What “resilience” actually means here
The word “resilience” gets thrown at SD-WAN deployments to mean roughly “it doesn’t fall over.” That’s not specific enough to design against. Concretely, resilience here means four distinct things:
- Convergence time on a hub failure. How long between HUB-1 going dark and SPOKE-N actually putting traffic on HUB-2. The default protocol timers will not get this under sixty seconds. Part 4 is mostly about driving this down to single-digit seconds.
- No black-holing. If HUB-1 is up but its DCE peering is down, the spoke must not keep sending traffic at it. The local view of the tunnel says “up”, but the end-to-end view says “broken”. This is where end-to-end SLAs (Part 5) earn their keep.
- No flap-induced asymmetry. If BGP holds the route for 90 seconds after BFD has already declared the path down, we’ll spend 90 seconds with the spoke pointing at HUB-2 while the hub is still trying to advertise itself as best path. BFD-for-BGP and aligned tunnel/route timers fix this; Part 4 covers it.

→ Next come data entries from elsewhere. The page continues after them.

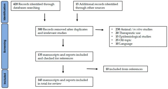 A literature search was conducted on multidisciplinary research databases such as PubMed, Scopus, and Web of Science and international agencies or institutional websites including the WHO, UNODC, Centers for Disease Control (CDC), U.S. Department of Justice, US FDA, US Drug Enforcement Administration (DEA), US National Institute of Health (NIH), EMCDDA, and European Medicines Agency (EMA) to identify the most relevant literature. The search terms used alone or in combination were: “synthetic cannabinoids”, “Cannabis sativa”, “Schedule 1 drugs”, “phytocannabinoids”, “spice”, “K2” “cannabinoids”, “electronic cigarettes”, “adverse effects”, “cloud 9”, “Bath salts”, “mojo”, “John William Huffman (JWH)”, “Hebrew University (HU)”, “EMCDDA”, “MDMB-4en-PINACA”, “4F-MDMB-BICA”, “toxic effects” and “herbal incense”. Only the articles written in English were selected. All the articles were reviewed independently by the authors to determine their relevance in the framework of the current study. Details of the literature search are listed in Figure 1.
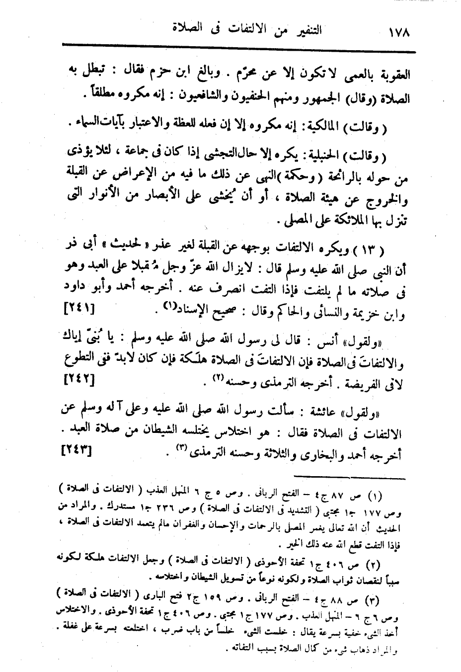 (¬2) ص 406 ج 1 تحفة الأحوذى (الالتفات فى الصلاة) وجعل الالتفات هلكة لكونه سبباً لنقصان ثواب الصلاة ولكونه نوعاً من تسويل الشيطان واختلاسه.
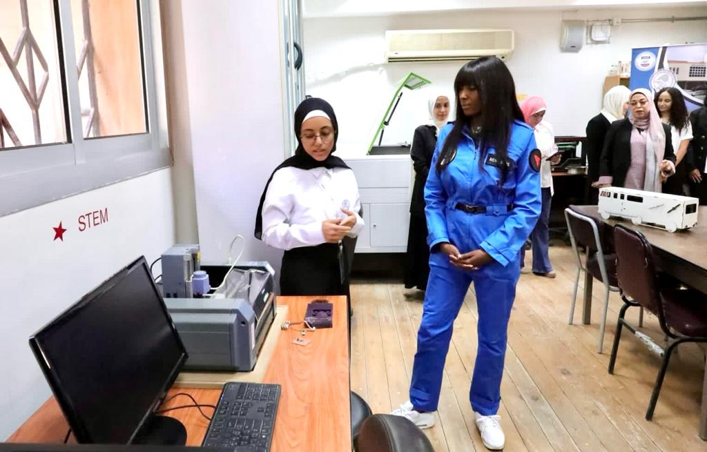 استقبلت مدرسة المتفوقات في العلوم والتكنولوجيا STEM بالمعادي رائدة الفضاء الأمريكية "عائشة بو"، وذلك خلال زيارتها لمصر؛ للتعرف على نظام الدراسة بالمدرسة، ومشاركة تجربتها المهنية مع الطالبات.
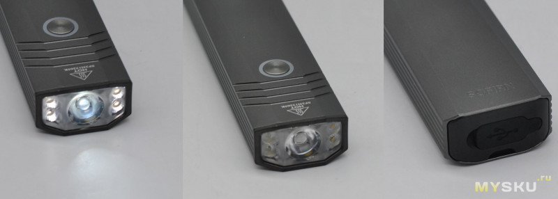Видно, что теплые светодиоды расположены на плоскости повернутой (~10 градусов) от центрального светодиода дальнего света. Все пять работают только вместе. Для расширения зоны освещения вблизи.Задний торец с зарядным портом, закрытым резиновой заглушкой.
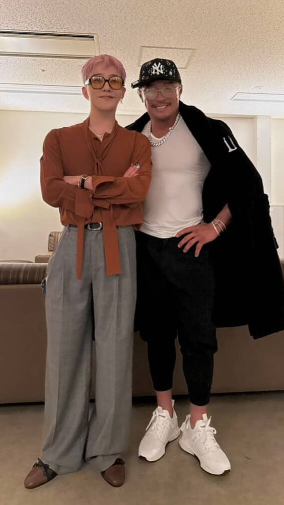 사진 속 두 사람은 일본 콘서트 대기실에서 환하게 웃으며 포즈를 취하고 있다. 지드래곤은 선글라스를 착용한 여유로운 모습, 추성훈은 화려한 패션으로 시선을 사로잡았다.
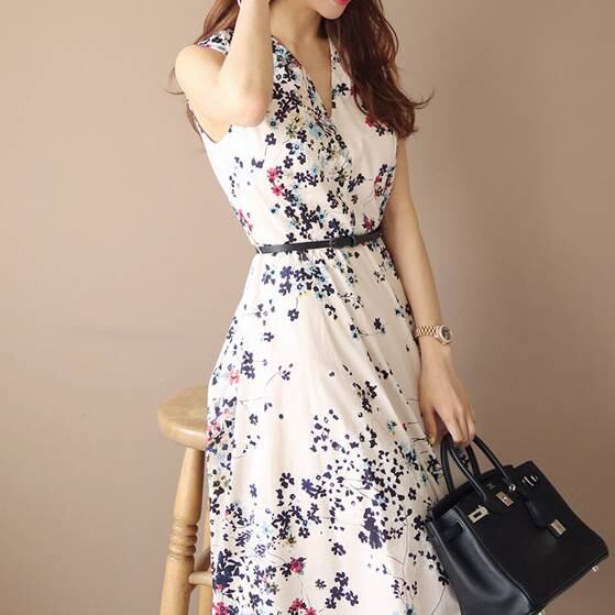 ベージュ ワンピース レディース 花柄 ノースリーブ ミモレ丈ワンピース フラワープリント エレガント 上品 きれいめ 大人可愛い 韓国ファッション 春 夏 秋 オールシーズン 着回し おしゃれ 通勤 デート お呼ばれ 二次会 カジュアル 人気 トレンド フェミニン C-OSS0196
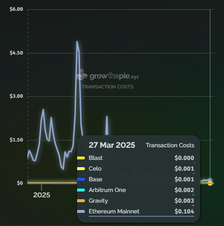 Al momento de este artículo, según Grow de Pie, la red principal de Ethereum registra un costo de transacción promedio de 0,1 USD aproximadamente, mientras que las L2 presentan tarifas mucho más bajas. Por ejemplo, las dos L2 más operadas de ese ecosistema, Arbitrum y Base tienen actualmente un costo promedio de transacción de 0,002 y 0,001 dólares.
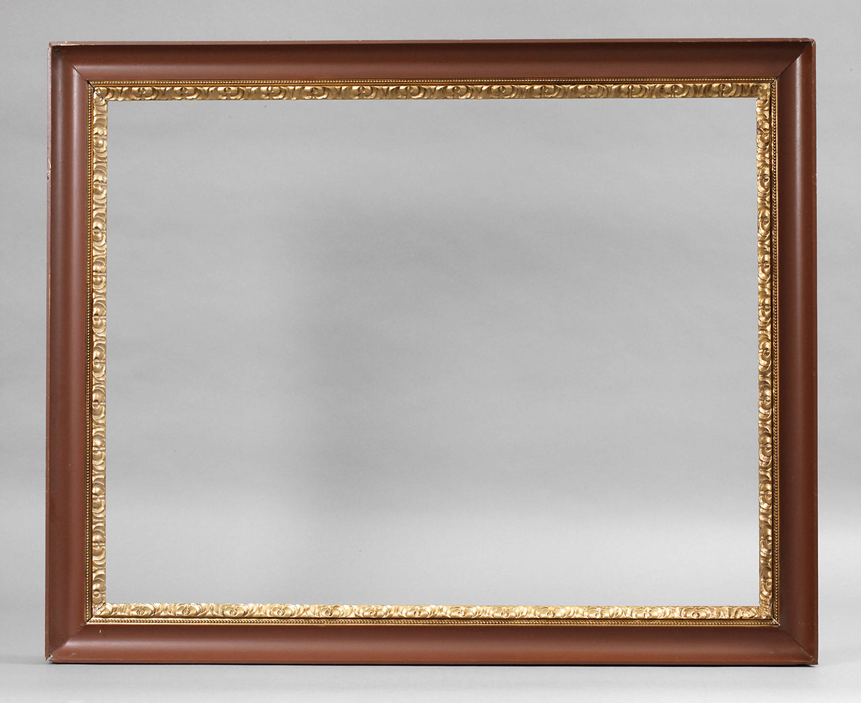 Rahmen aus ca. 8 cm breiter, steigend profilierter und braun überfasster Holzleiste mit ornamentaler, goldbronzierter Innenkante, Gehrungen geschnitten, geringe Erhaltungsmängel, Falzmaß ca. 92 x 72 cm.
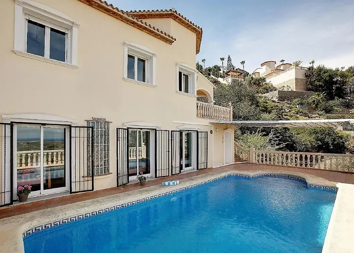The 3-bedroom Amanda: 4 Bedroom Villa With Stunning Views features a terrace with views of the sea as well as a swimming pool. Offering Wi-Fi, this property is located 4.5 km from Via Verde de Denia.
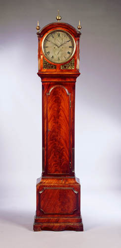 the twin train movement with anchor escapement, the circular silvered dial with subsidiary seconds and date dials, the arched hood with three brass finials, above stop fluted canted angles and pierced brass fretwork panels, the trunk with arched moulded door and canted stop fluted angles above a panelled base on bracket feet
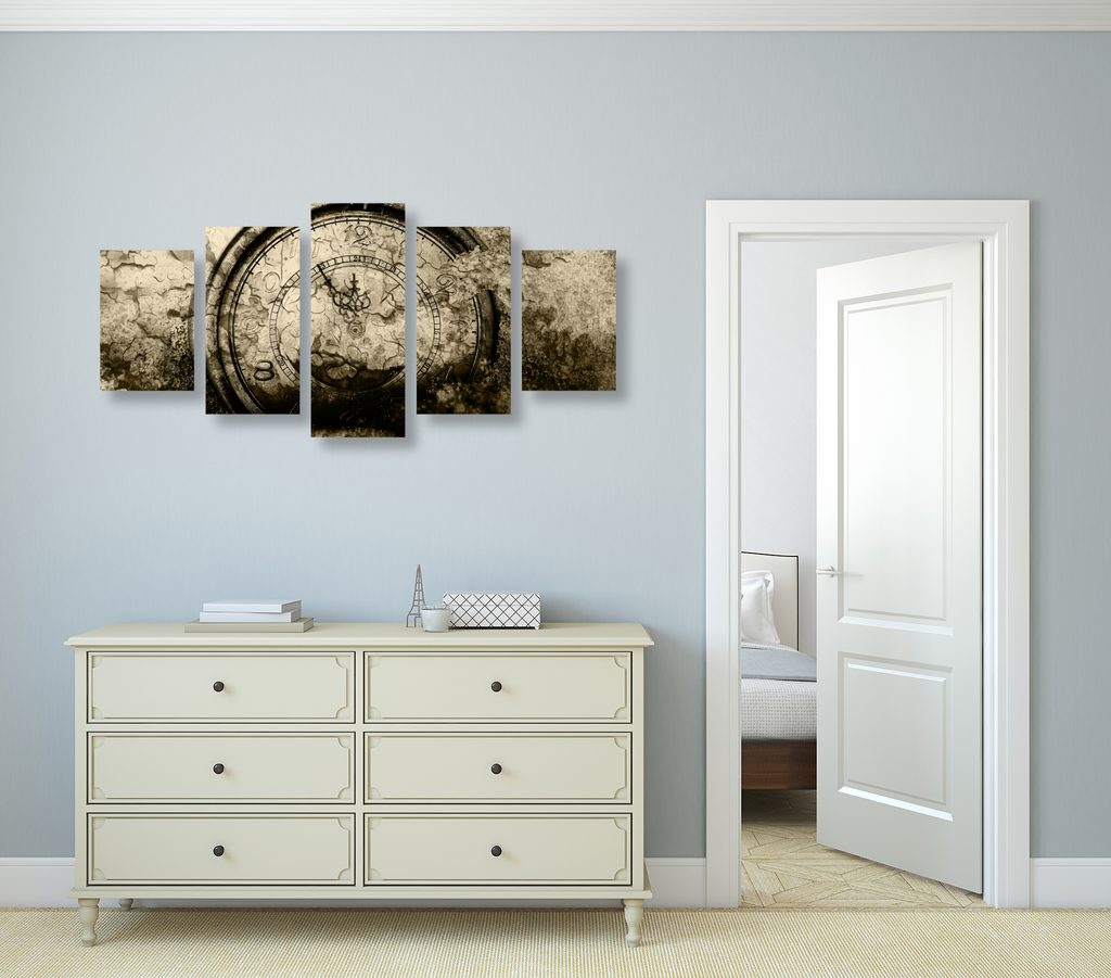 5-dielny obraz geografická mapa sveta v čiernobielom prevedení
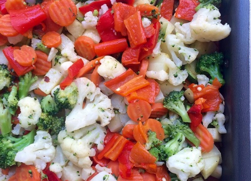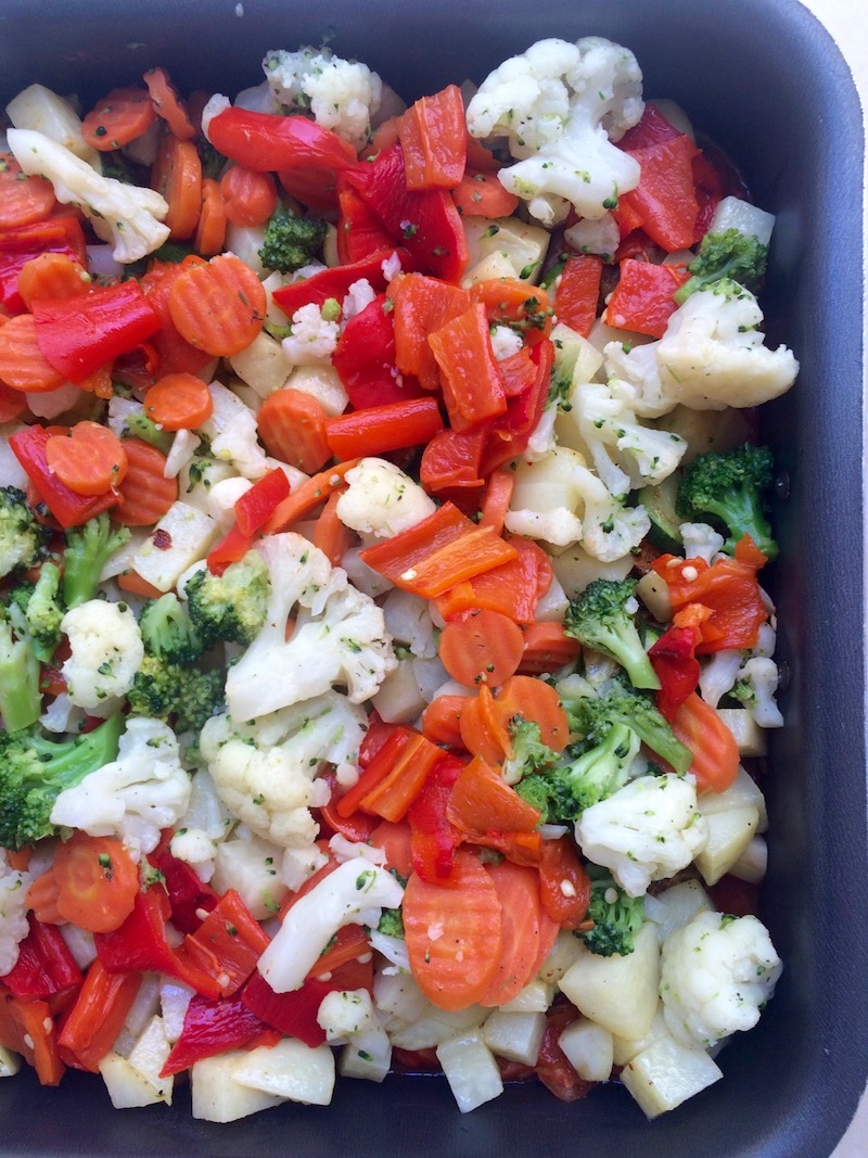 Incepeti prin a pregati tava in care veti pune legumele. Este bine sa fie asezata pe blatul de lucru, aproape de voi, pentru a putea adauga ingredientele pe masura ce sunt gata.
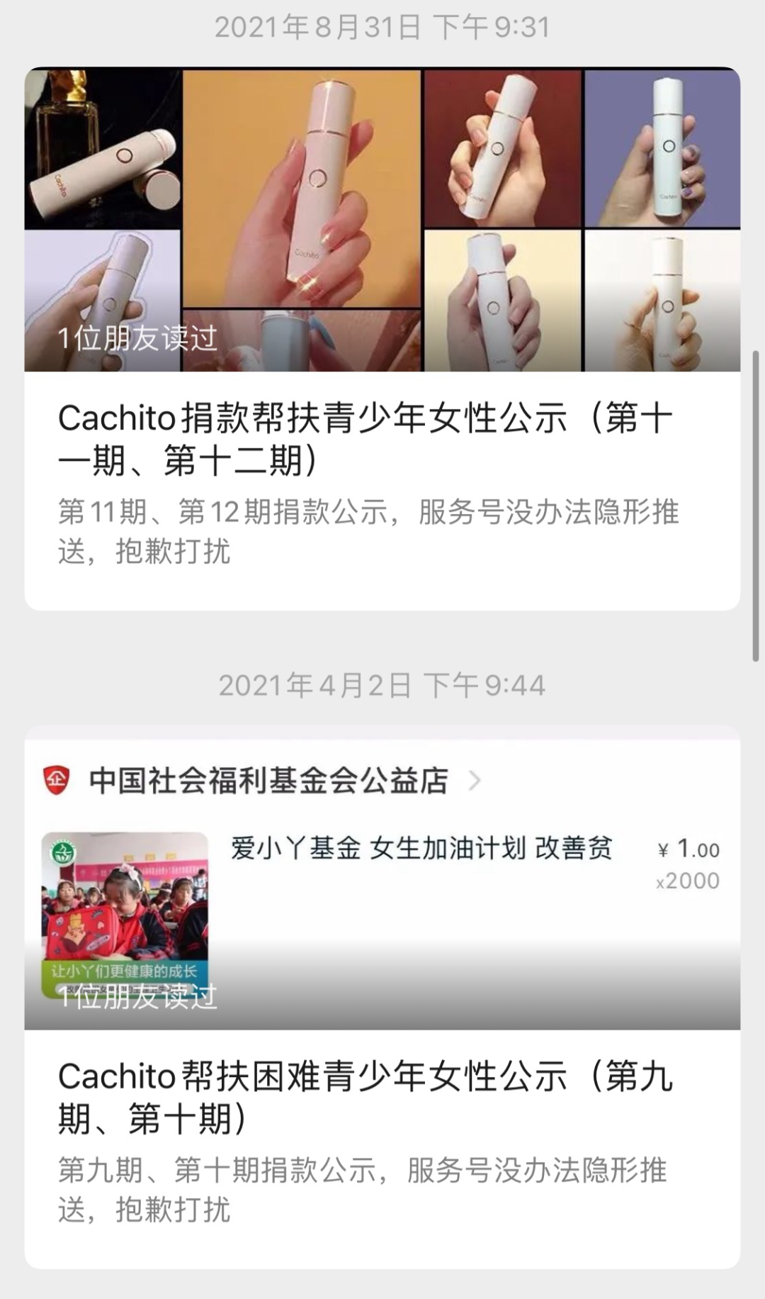 大部分内容是关于帮扶青少年女性的捐款公示。
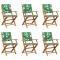 Chaises de jardin pliantes lot de 6 vert tissu et bois massifDétendez-vous et profitez de l'extérieur dans ces confortables chaises de jardin pliantes ! Robuste et stable : le bois d'acacia massif est connu pour sa solidité et sa durabilité. Ses couleurs variées et ses grains uniques lui confèrent un aspect attrayant. Sa stabilité et sa résistance aux intempéries en font un matériau idéal pour la fabrication de meubles d'intérieur et d'extérieur. Facile à transporter et à ranger : la chaise peut être facilement pliée lorsqu'elle n'est pas utilisée, pour un rangement et un transport faciles. Conception pratique : la main courante en bois, pratique et plate, vous permet de poser vos mains dessus tout en profitant d'un moment en plein air. Diverses utilisations : la chaise pliable a un large éventail d'utilisations et peut facilement répondre à vos besoins dans n'importe quel environnement extérieur, comme les jardins, les patios, les balcons, etc. Bon à savoir : Pour que vos meubles d'extérieur restent beaux, nous vous recommandons de les protéger avec une housse imperméable. Maximum 110 kg par siège. ,
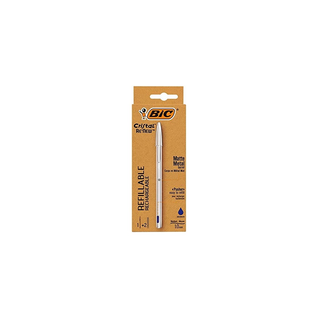 L”iconica penna a sfera Cristal in una versione unica dal fusto metallico. Un design sostenibile perché ricaricabile con un pratico pulsante per sostituire i refill (2 refill inclusi nella confezione). Cappuccio in plastica riciclata al 100%. Ogni refill scrive in media 3 km. Punta da 1 mm.

- Predictable failback. When DC1 recovers, the path returns to steady-state without operator intervention, and without flapping. AS-path prepending, MED, local-pref, and SLA priority all play a role; we’ll lean on routing primitives where the policy can be expressed in routing, and on SLA priority only where it cannot.
If a design choice in the rest of the series doesn’t measurably improve one of those four, it doesn’t earn its place.
What this series is not going to cover
To keep the scope honest:
- No FortiManager template walkthrough. Configs in this series are CLI as applied to the device. Translating to FortiManager templates is a separate exercise.
- No SaaS / Internet steering deep-dive. This series is about the corporate-traffic resilience path: spoke → hub → DCE. Internet break-out has different trade-offs and deserves its own series.
- No FortiSASE. Cloud-delivered hubs change the failure model in interesting ways, but it is a different topology.
Series roadmap
| Part | Topic |
|---|---|
| 1 (this post) | Design and assumptions |
| 2 | BGP on loopback — addressing, hub iBGP without a DCI, spoke eBGP via overlay |
| 3 | DC ↔ DCE integration: static, OSPF, and BGP — pros, cons, and which to pick |
| 4 | BFD and convergence tuning — DPD vs BFD, BFD-for-BGP, timer math |
| 5 | Performance SLAs and service steering — health-check targets, member preference, end-to-end failure walkthrough |
Part 2 will walk through the BGP design end-to-end and lay down the configuration that the rest of the series builds on.